• _What the exercise asks_
Copy every record exactly as it stands. Leave the pictures out.

Saved entries:
============
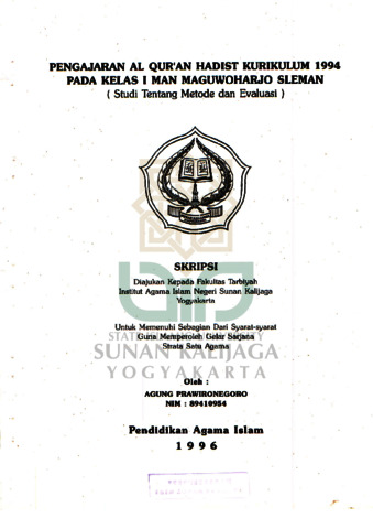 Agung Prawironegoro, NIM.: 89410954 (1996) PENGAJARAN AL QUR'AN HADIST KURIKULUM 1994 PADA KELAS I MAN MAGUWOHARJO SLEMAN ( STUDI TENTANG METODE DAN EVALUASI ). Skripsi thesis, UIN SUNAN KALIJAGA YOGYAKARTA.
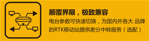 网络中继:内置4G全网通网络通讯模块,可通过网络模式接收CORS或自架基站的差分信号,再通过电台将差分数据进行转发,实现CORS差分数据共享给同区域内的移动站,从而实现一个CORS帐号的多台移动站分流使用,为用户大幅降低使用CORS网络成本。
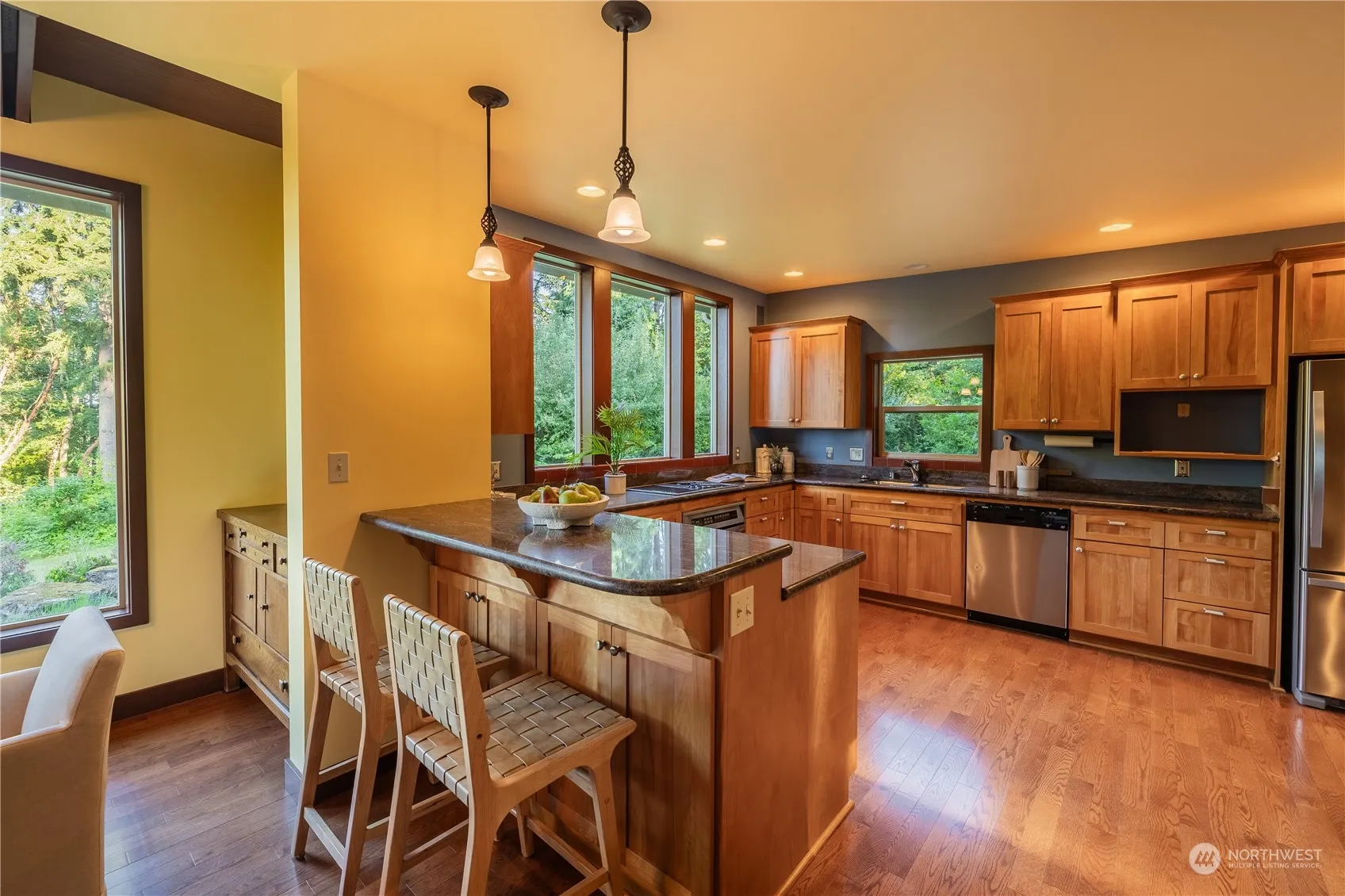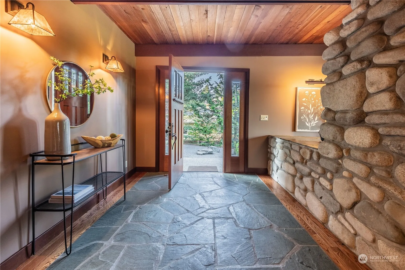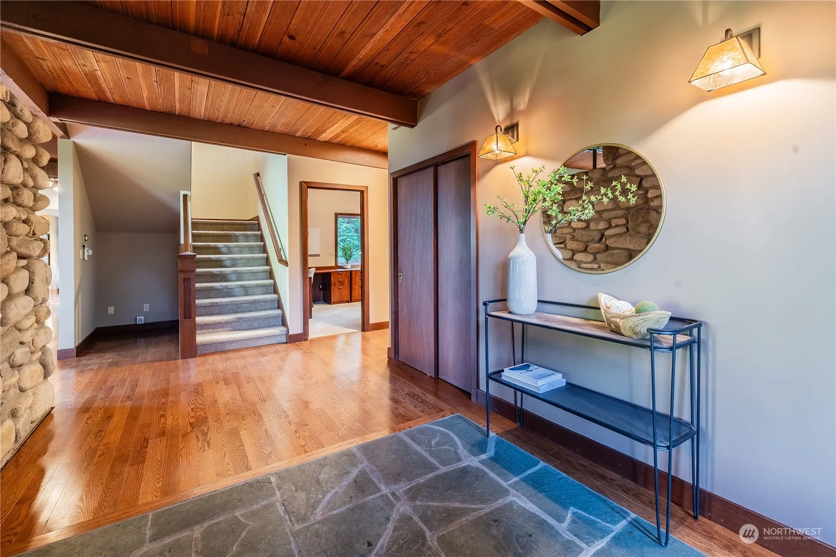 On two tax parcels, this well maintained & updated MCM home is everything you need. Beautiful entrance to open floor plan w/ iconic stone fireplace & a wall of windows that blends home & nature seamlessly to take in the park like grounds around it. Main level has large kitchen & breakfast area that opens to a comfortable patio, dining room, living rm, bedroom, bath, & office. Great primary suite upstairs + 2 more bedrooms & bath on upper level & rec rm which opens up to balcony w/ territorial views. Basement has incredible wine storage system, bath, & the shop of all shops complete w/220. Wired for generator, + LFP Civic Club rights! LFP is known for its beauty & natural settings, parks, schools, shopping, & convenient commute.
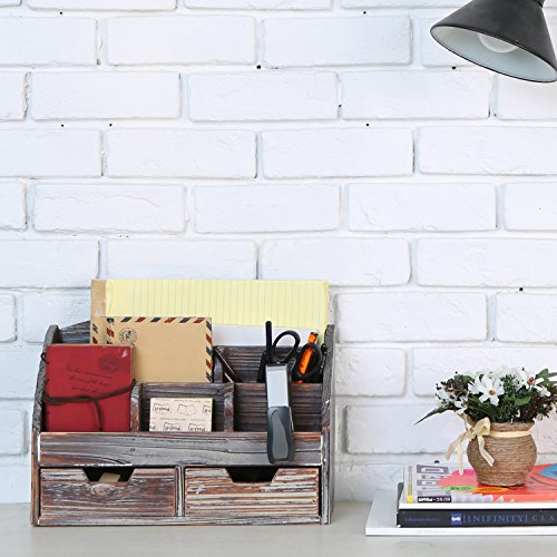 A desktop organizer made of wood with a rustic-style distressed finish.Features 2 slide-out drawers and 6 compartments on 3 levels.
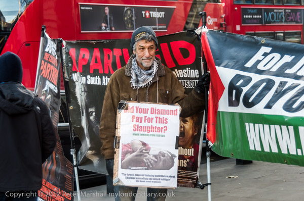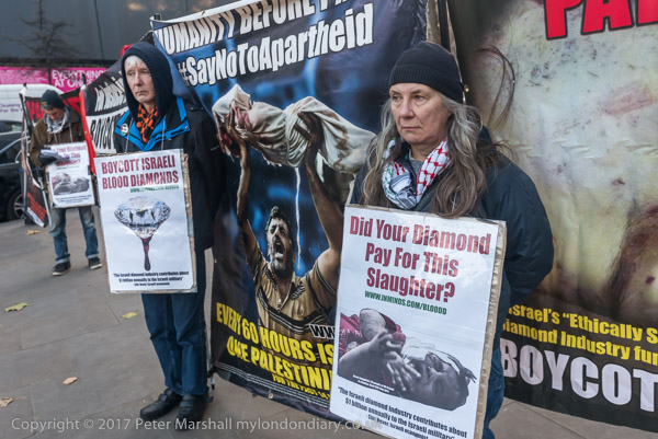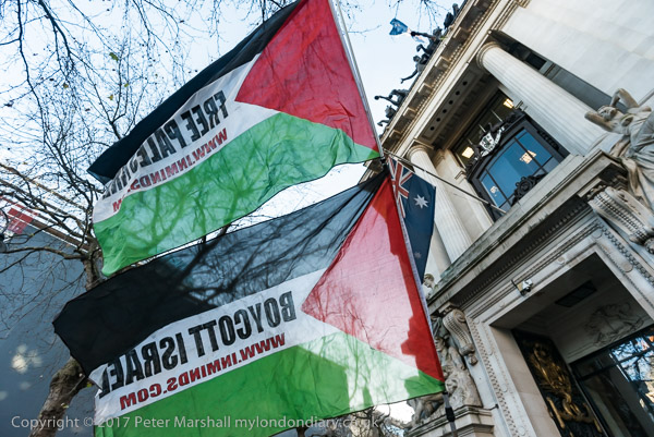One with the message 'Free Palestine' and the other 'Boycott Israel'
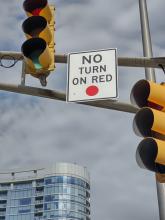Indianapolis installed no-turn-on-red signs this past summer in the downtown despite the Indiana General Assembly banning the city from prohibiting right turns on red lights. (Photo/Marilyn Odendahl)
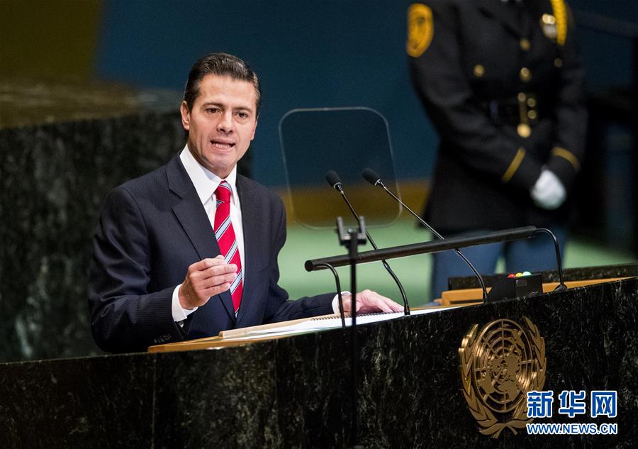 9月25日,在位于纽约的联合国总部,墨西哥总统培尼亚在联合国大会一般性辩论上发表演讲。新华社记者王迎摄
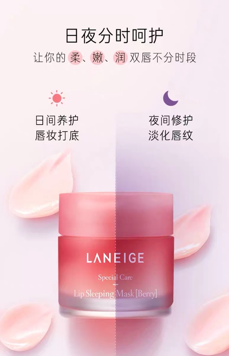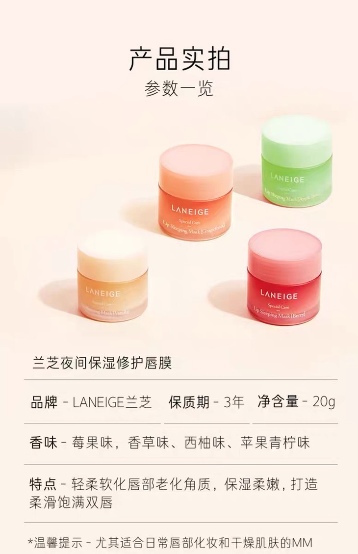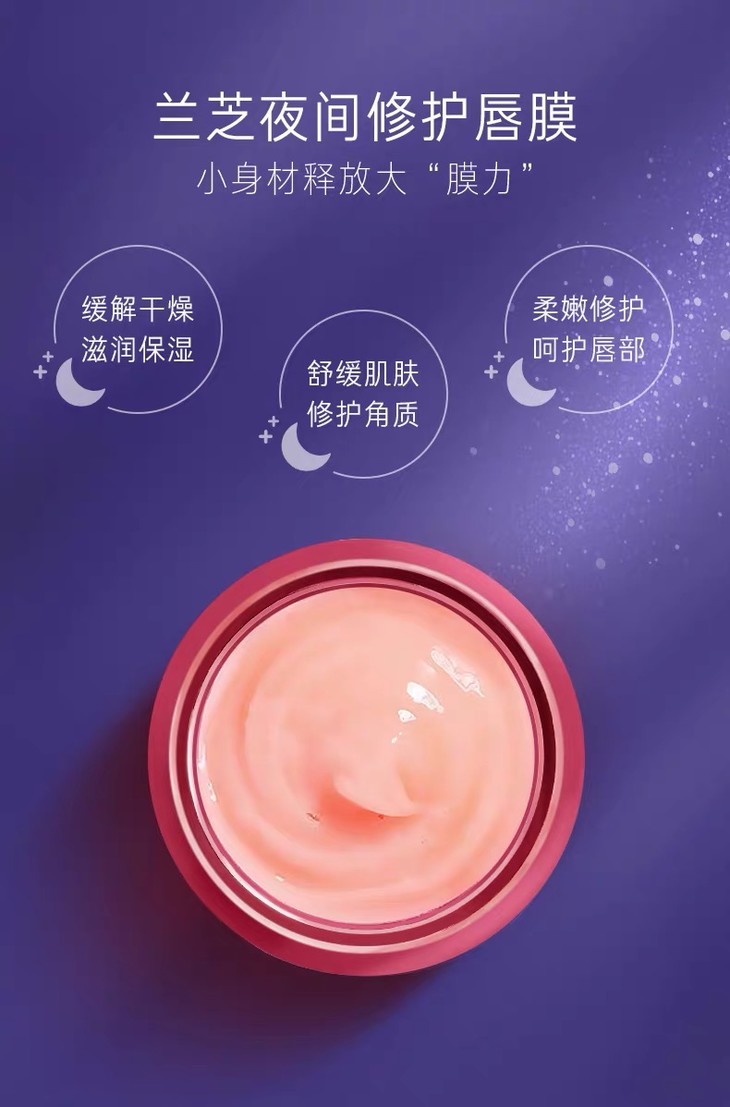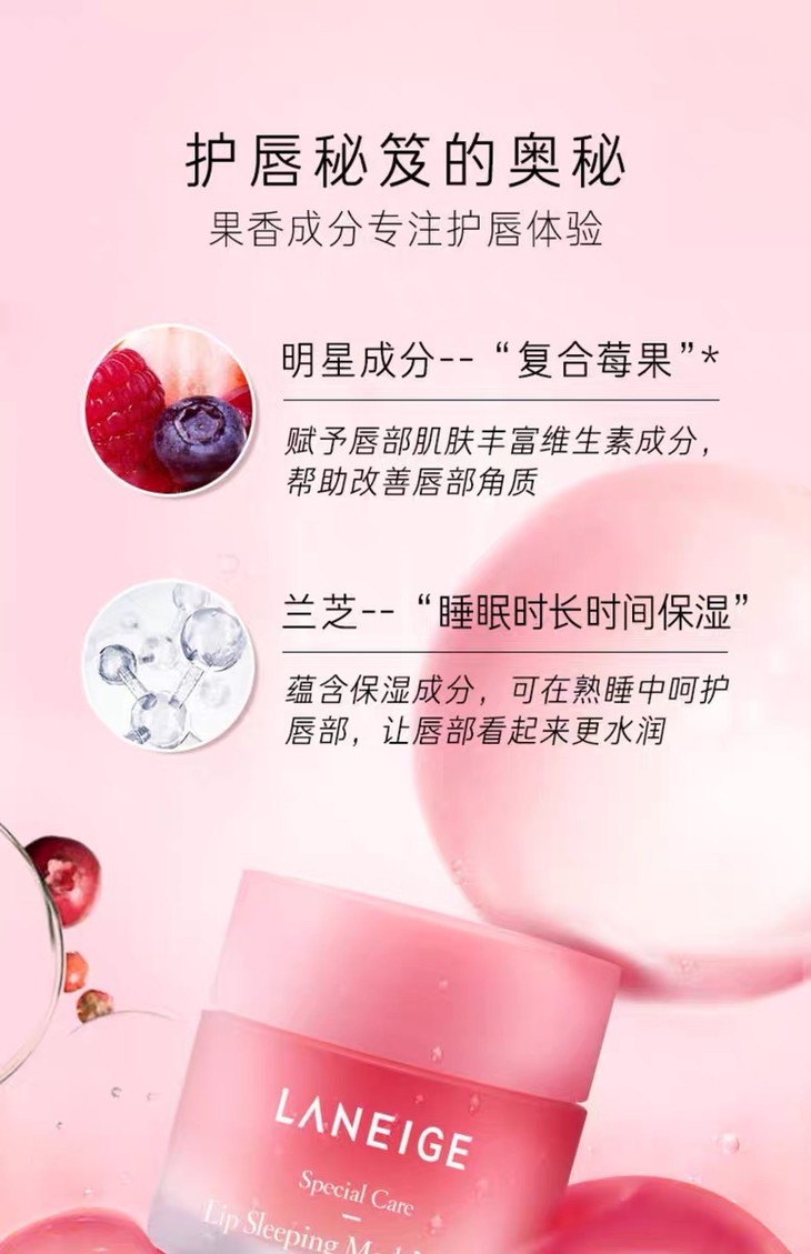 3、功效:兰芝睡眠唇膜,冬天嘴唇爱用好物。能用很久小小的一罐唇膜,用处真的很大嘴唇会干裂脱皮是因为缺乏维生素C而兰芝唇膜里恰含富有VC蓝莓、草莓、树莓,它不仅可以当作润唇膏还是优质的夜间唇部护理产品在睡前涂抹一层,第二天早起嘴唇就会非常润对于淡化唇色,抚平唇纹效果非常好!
============
• _Response for this exercise_
 Agung Prawironegoro, NIM.: 89410954 (1996) PENGAJARAN AL QUR'AN HADIST KURIKULUM 1994 PADA KELAS I MAN MAGUWOHARJO SLEMAN ( STUDI TENTANG METODE DAN EVALUASI ). Skripsi thesis, UIN SUNAN KALIJAGA YOGYAKARTA.
 网络中继:内置4G全网通网络通讯模块,可通过网络模式接收CORS或自架基站的差分信号,再通过电台将差分数据进行转发,实现CORS差分数据共享给同区域内的移动站,从而实现一个CORS帐号的多台移动站分流使用,为用户大幅降低使用CORS网络成本。
 On two tax parcels, this well maintained & updated MCM home is everything you need. Beautiful entrance to open floor plan w/ iconic stone fireplace & a wall of windows that blends home & nature seamlessly to take in the park like grounds around it. Main level has large kitchen & breakfast area that opens to a comfortable patio, dining room, living rm, bedroom, bath, & office. Great primary suite upstairs + 2 more bedrooms & bath on upper level & rec rm which opens up to balcony w/ territorial views. Basement has incredible wine storage system, bath, & the shop of all shops complete w/220. Wired for generator, + LFP Civic Club rights! LFP is known for its beauty & natural settings, parks, schools, shopping, & convenient commute.
 A desktop organizer made of wood with a rustic-style distressed finish.Features 2 slide-out drawers and 6 compartments on 3 levels.
One with the message 'Free Palestine' and the other 'Boycott Israel'
Indianapolis installed no-turn-on-red signs this past summer in the downtown despite the Indiana General Assembly banning the city from prohibiting right turns on red lights. (Photo/Marilyn Odendahl)
 9月25日,在位于纽约的联合国总部,墨西哥总统培尼亚在联合国大会一般性辩论上发表演讲。新华社记者王迎摄
 3、功效:兰芝睡眠唇膜,冬天嘴唇爱用好物。能用很久小小的一罐唇膜,用处真的很大嘴唇会干裂脱皮是因为缺乏维生素C而兰芝唇膜里恰含富有VC蓝莓、草莓、树莓,它不仅可以当作润唇膏还是优质的夜间唇部护理产品在睡前涂抹一层,第二天早起嘴唇就会非常润对于淡化唇色,抚平唇纹效果非常好!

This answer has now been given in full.